What you are asked to do: Set the records down again, exactly, without their images.

Entries provided:

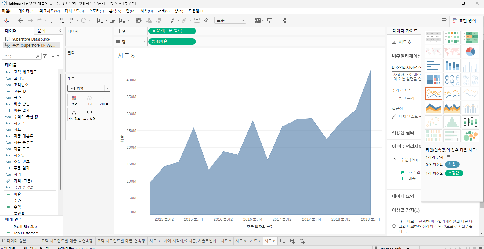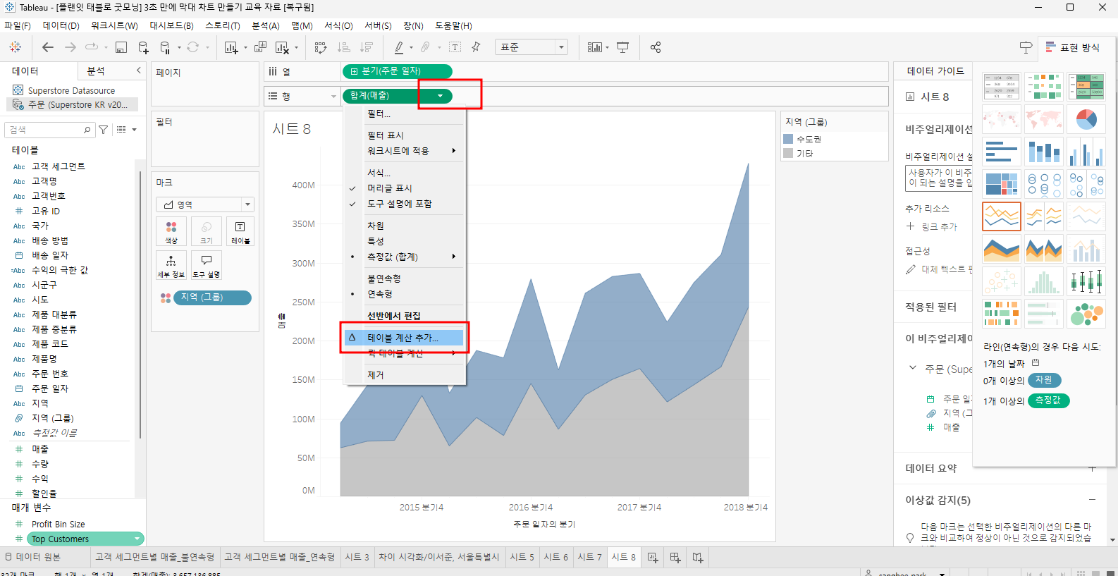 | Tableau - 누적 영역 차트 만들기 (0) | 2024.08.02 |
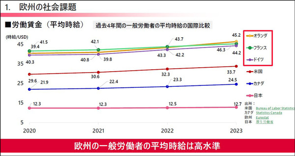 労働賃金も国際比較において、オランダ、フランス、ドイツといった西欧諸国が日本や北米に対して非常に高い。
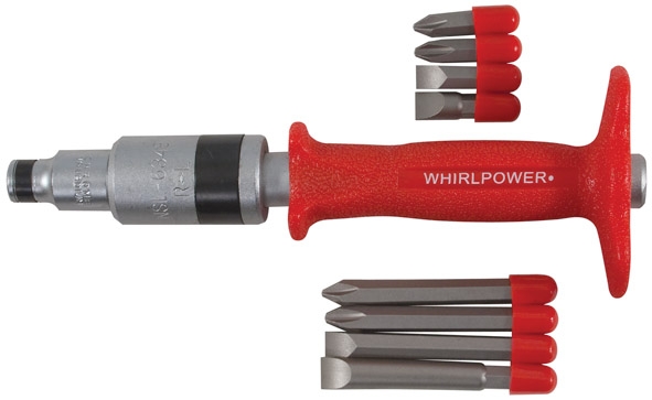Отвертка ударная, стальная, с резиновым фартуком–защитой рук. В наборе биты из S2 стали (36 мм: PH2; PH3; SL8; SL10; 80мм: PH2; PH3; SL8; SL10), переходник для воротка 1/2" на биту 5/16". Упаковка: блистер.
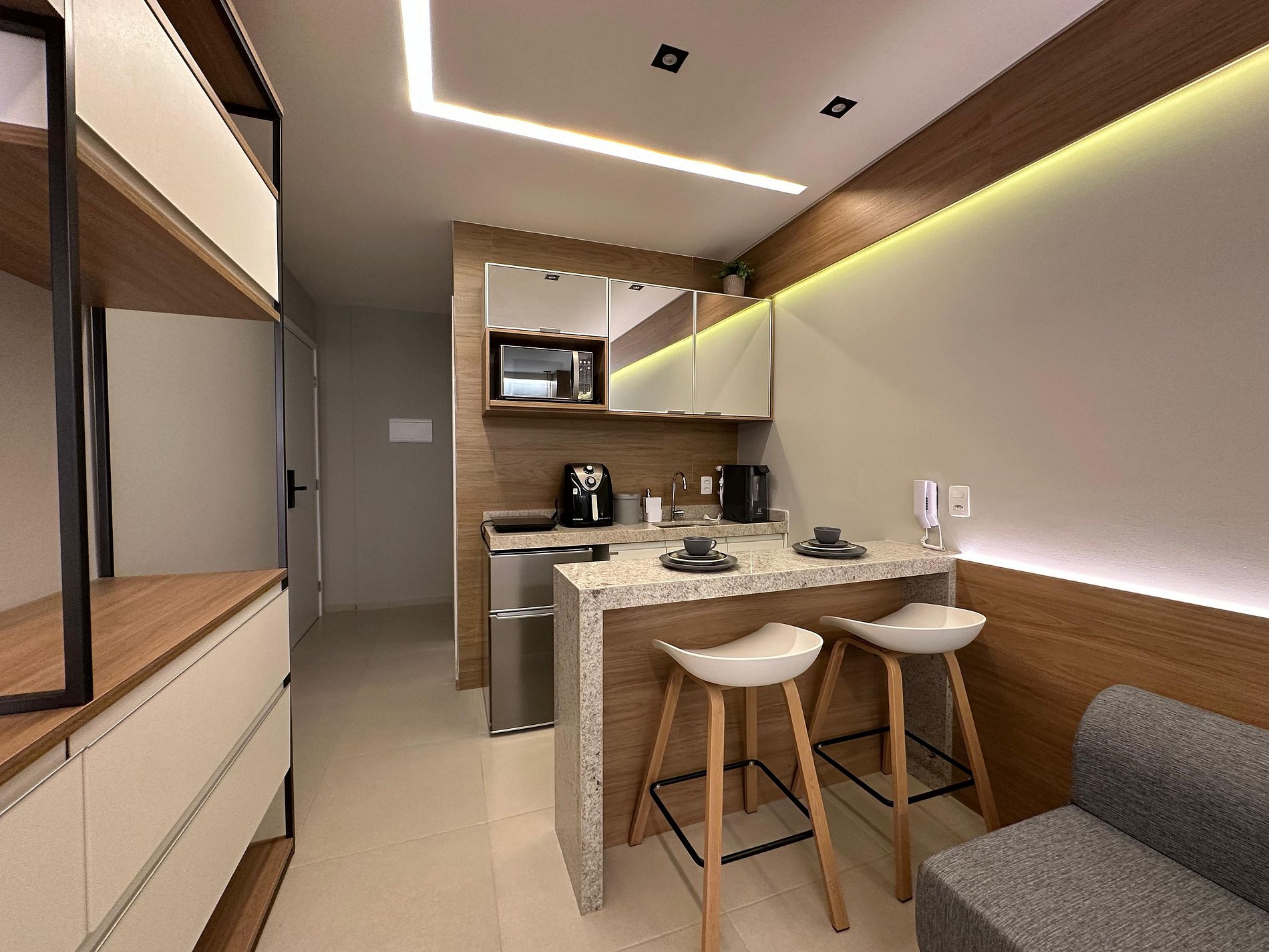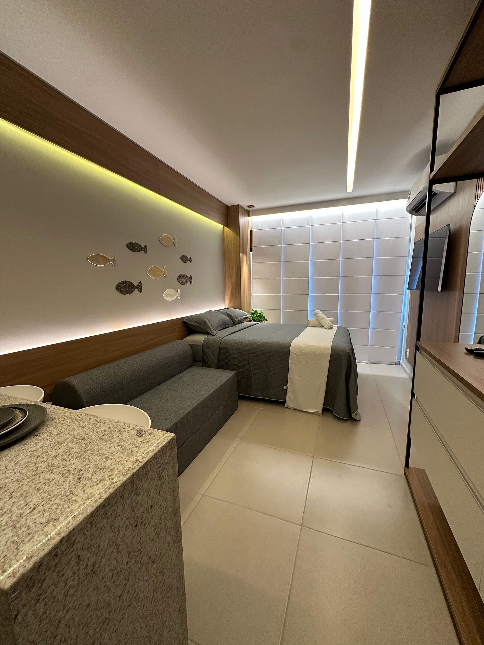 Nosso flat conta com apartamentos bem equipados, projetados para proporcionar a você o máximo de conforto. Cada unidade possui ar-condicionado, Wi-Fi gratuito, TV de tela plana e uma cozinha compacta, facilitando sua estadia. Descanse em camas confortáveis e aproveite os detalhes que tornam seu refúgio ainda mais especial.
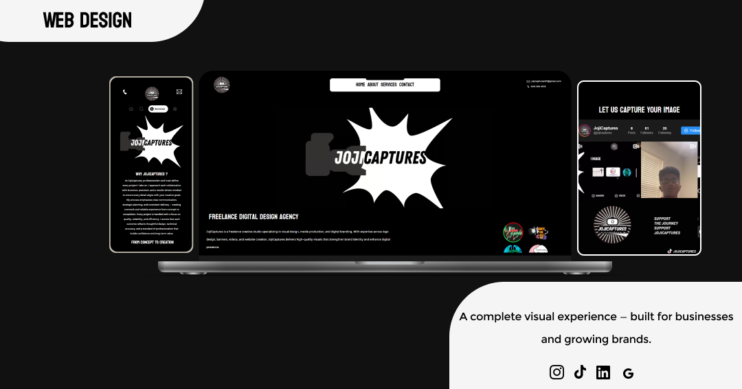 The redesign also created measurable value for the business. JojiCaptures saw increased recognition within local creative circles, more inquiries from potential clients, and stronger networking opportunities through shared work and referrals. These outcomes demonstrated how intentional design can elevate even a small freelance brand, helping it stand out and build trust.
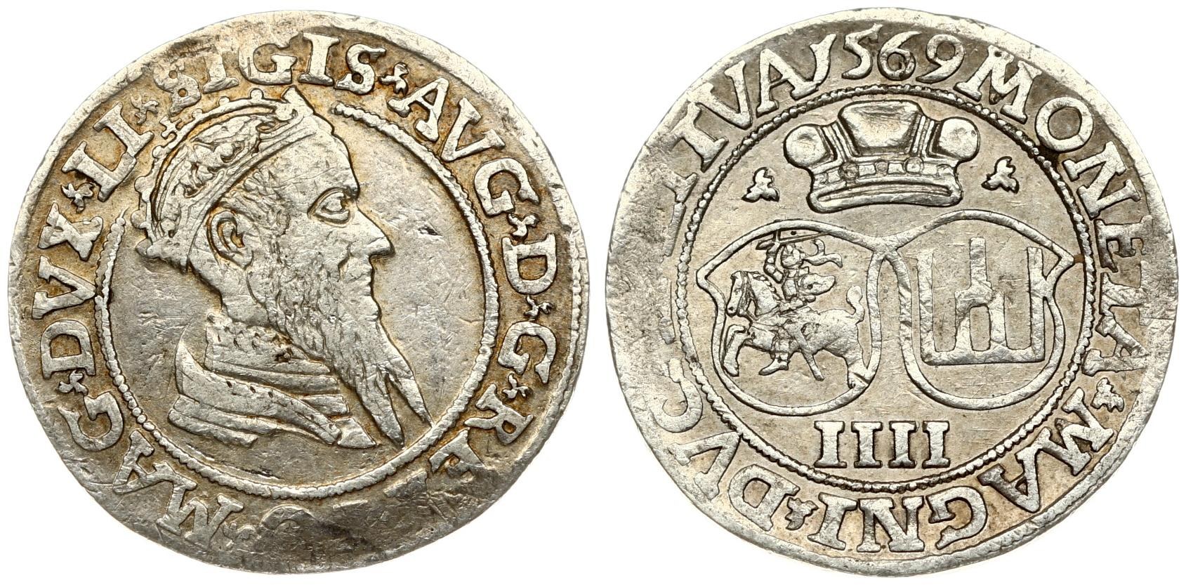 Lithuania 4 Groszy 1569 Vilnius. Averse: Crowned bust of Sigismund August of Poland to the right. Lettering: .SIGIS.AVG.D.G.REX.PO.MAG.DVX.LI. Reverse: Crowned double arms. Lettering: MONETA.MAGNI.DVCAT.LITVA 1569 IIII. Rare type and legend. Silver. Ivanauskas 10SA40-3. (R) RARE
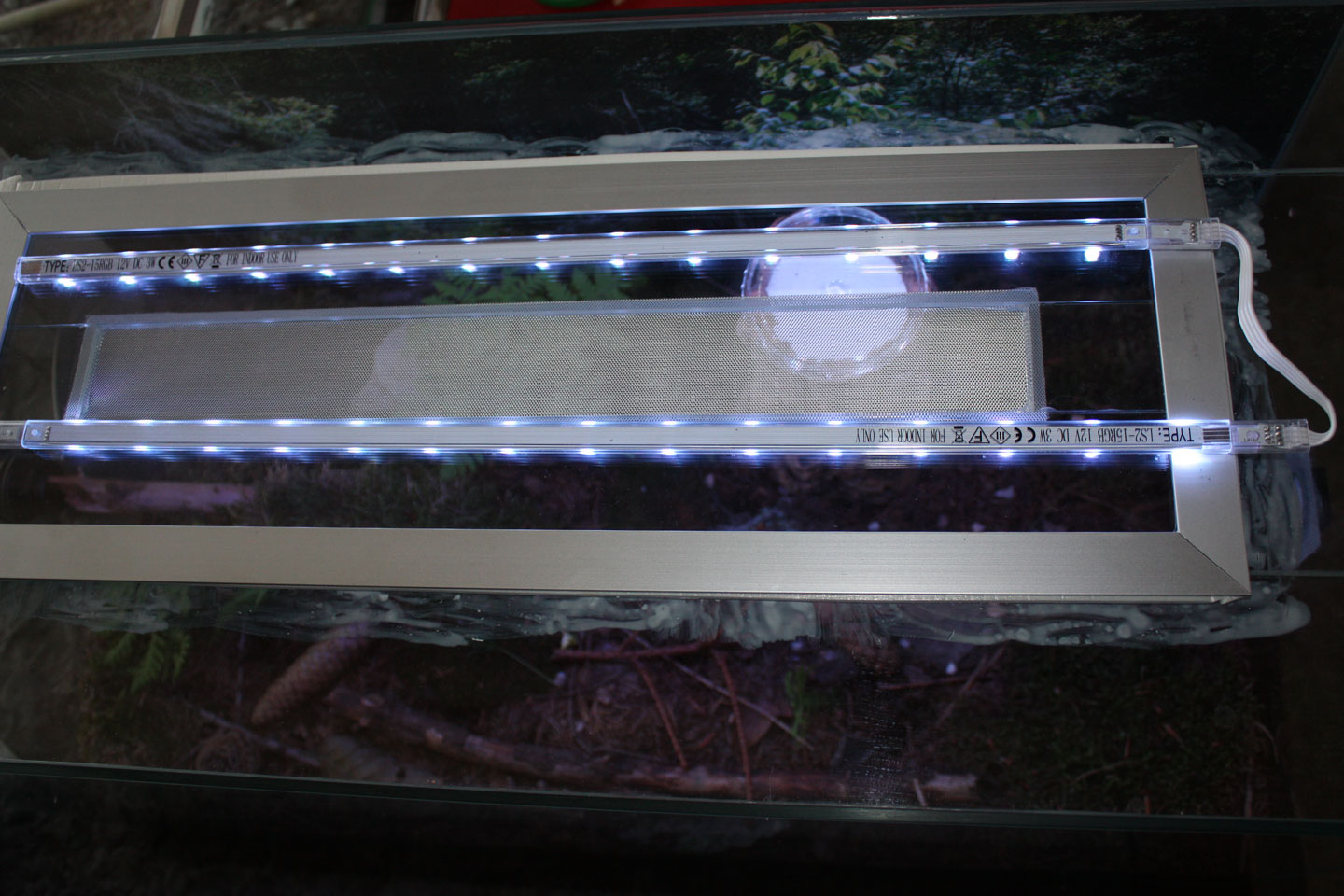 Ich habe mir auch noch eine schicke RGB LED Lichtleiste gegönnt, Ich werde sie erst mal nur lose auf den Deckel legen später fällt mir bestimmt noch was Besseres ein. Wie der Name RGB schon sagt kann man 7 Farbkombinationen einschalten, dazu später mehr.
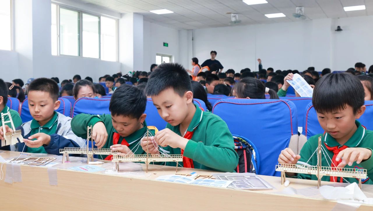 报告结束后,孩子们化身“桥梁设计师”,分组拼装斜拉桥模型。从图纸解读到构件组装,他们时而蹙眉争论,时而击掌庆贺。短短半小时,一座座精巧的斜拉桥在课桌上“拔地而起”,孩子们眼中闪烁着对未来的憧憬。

Response area:
 | Tableau - 누적 영역 차트 만들기 (0) | 2024.08.02 |
 労働賃金も国際比較において、オランダ、フランス、ドイツといった西欧諸国が日本や北米に対して非常に高い。
Отвертка ударная, стальная, с резиновым фартуком–защитой рук. В наборе биты из S2 стали (36 мм: PH2; PH3; SL8; SL10; 80мм: PH2; PH3; SL8; SL10), переходник для воротка 1/2" на биту 5/16". Упаковка: блистер.
 Nosso flat conta com apartamentos bem equipados, projetados para proporcionar a você o máximo de conforto. Cada unidade possui ar-condicionado, Wi-Fi gratuito, TV de tela plana e uma cozinha compacta, facilitando sua estadia. Descanse em camas confortáveis e aproveite os detalhes que tornam seu refúgio ainda mais especial.
 The redesign also created measurable value for the business. JojiCaptures saw increased recognition within local creative circles, more inquiries from potential clients, and stronger networking opportunities through shared work and referrals. These outcomes demonstrated how intentional design can elevate even a small freelance brand, helping it stand out and build trust.
 Lithuania 4 Groszy 1569 Vilnius. Averse: Crowned bust of Sigismund August of Poland to the right. Lettering: .SIGIS.AVG.D.G.REX.PO.MAG.DVX.LI. Reverse: Crowned double arms. Lettering: MONETA.MAGNI.DVCAT.LITVA 1569 IIII. Rare type and legend. Silver. Ivanauskas 10SA40-3. (R) RARE
 Ich habe mir auch noch eine schicke RGB LED Lichtleiste gegönnt, Ich werde sie erst mal nur lose auf den Deckel legen später fällt mir bestimmt noch was Besseres ein. Wie der Name RGB schon sagt kann man 7 Farbkombinationen einschalten, dazu später mehr.
 报告结束后,孩子们化身“桥梁设计师”,分组拼装斜拉桥模型。从图纸解读到构件组装,他们时而蹙眉争论,时而击掌庆贺。短短半小时,一座座精巧的斜拉桥在课桌上“拔地而起”,孩子们眼中闪烁着对未来的憧憬。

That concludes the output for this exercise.